Created attachment 70395 [details]
serial console capture with sysrq-t/p output while system freeze
Uses unpatched kernel-smp-2.6.13-15.8
Marius, this isn't really the latest patch - this seems to be the bad patch that went into beta3. Please grab the latest patch from CVS HEAD if you want to give it a try. Lars any news on IPsec capturing sysrq info via serial console? OK, I'll rebuild the kernel using the patch from CVS HEAD and retry (this evening). I'm using a 10.0 kernel-smp-2.6.13-15.9 + xfrm-endless-loop.diff from CVS
HEAD since ca. 24 hours (one reconnect because my external IP has changed)
and it seems to work fine.
Everytime pluto replaces the ipsec SA, the xfrm_lookup bailing out code is
executed, e.g.:
Feb 28 17:32:23 exodus pluto[8307]: "mt-suse" #43: IPsec SA expired (LATEST!)
Feb 28 17:32:27 exodus pluto[8307]: initiate on demand from 10.204.0.12:0 to 10.0.9.7:0 proto=0 state: fos_start because: acquire
Feb 28 17:32:27 exodus pluto[8307]: "mt-suse" #48: initiating Quick Mode RSASIG+ENCRYPT+TUNNEL+PFS+UP {using isakmp#44}
Feb 28 17:32:27 exodus pluto[8307]: "mt-suse" #48: transition from state STATE_QUICK_I1 to state STATE_QUICK_I2
Feb 28 17:32:27 exodus pluto[8307]: "mt-suse" #48: STATE_QUICK_I2: sent QI2, IPsec SA established {ESP=>0x81661bee <0xe1b01b5f xfrm=AES_0-HMAC_SHA1 NATD=195.135.221.4:4500 DPD=none}
Feb 28 17:32:57 exodus kernel: xfrm_lookup bailing out after 11 loops
Feb 28 17:32:57 exodus kernel: [<c03257df>] xfrm_lookup+0x2af/0x4a0
Feb 28 17:32:57 exodus kernel: [<c0120cd0>] default_wake_function+0x0/0x10
Feb 28 17:32:57 exodus kernel: [<c030b4de>] raw_sendmsg+0x17e/0x420
Feb 28 17:32:57 exodus kernel: [<c0314b0a>] inet_sendmsg+0x3a/0x70
Feb 28 17:32:57 exodus kernel: [<c02c0742>] sock_sendmsg+0xd2/0x150
Feb 28 17:32:57 exodus kernel: [<c013c040>] autoremove_wake_function+0x0/0x50
Feb 28 17:32:57 exodus kernel: [<c01068d9>] default_do_nmi+0x79/0x180
Feb 28 17:32:57 exodus kernel: [<c013c040>] autoremove_wake_function+0x0/0x50
Feb 28 17:32:57 exodus kernel: [<c02c2525>] sys_sendmsg+0x155/0x270
Feb 28 17:32:57 exodus kernel: [<c0344a49>] schedule+0x5a9/0xc00
Feb 28 17:32:57 exodus kernel: [<c0344a77>] schedule+0x5d7/0xc00
Feb 28 17:32:57 exodus kernel: [<c012f370>] lock_timer_base+0x20/0x50
Feb 28 17:32:57 exodus kernel: [<c012f627>] del_timer_sync+0x27/0x30
Feb 28 17:32:57 exodus kernel: [<c02c1192>] sock_poll+0x12/0x20
Feb 28 17:32:57 exodus kernel: [<c0185907>] do_pollfd+0x57/0xb0
Feb 28 17:32:57 exodus kernel: [<c02c2afc>] sys_socketcall+0x27c/0x2a0
Feb 28 17:32:57 exodus kernel: [<c010983f>] do_gettimeofday+0x1f/0xd0
Feb 28 17:32:57 exodus kernel: [<c012ab08>] sys_gettimeofday+0x28/0x80
Feb 28 17:32:57 exodus kernel: [<c01042ab>] sysenter_past_esp+0x54/0x79
BTW: the above kernel RPMs are in ~mt/Export/openswan/xfrm-endless-loop/ It still works on my 10.0 server - uptime: 2:18pm an 3 days 18:20 Thanks Olaf!
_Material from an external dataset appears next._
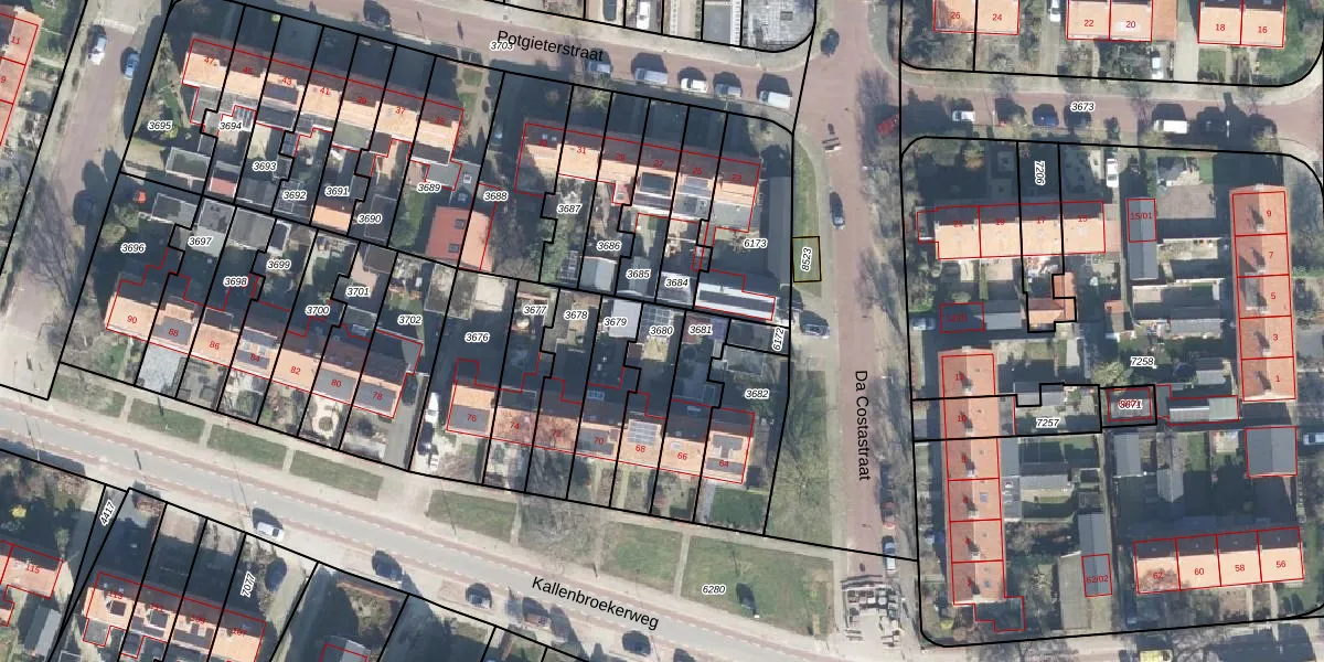 Gebruik de zoekbalk of klik op een perceel om informatie over het perceel te bekijken.

Fine. I will downgrade the bug severity for now. I am not entirely happy yet because the bailout message still triggers. This means there's still something fishy going on. I'm assigning this to Jiri Bohac - Jiri, maybe you could try to find out why it's still looping in xfrm_lookup? Olaf, this part of your patch is upstream since linux-2.6.16-rc3: - goto restart; + + err = -EHOSTUNREACH; + goto error; This was what caused the lockup. Now, there is only one "goto restart" left, which is called after sleeping on the km_waitq wait queue. This wait queue is woken from many places that touch the xfrm states. The purpose of the loop is clearly to wait until a valid bundle is available and the number of iterations may be large, because the wait queue may be woken up many times by completely unrelated events. I think that looping there 10 times does not mean anything is wrong and I'd just delete the bailout check/message. But if you think that this still may be an endless loop (which would not lockup the system because of the schedule() call), I suggest changing the number of iterations to something like 1000 instead of 10. Than we could wait if anyone ever sees the message. Does this make sense? If the number of wake-ups is really that large, then it may make more sense
to do something like this:
unsigned long timeout = jiffies + 60 * HZ;
again:
if (time_after(jiffies, timeout)) {
complain and bail out
}
Feel free to modify the patch either way.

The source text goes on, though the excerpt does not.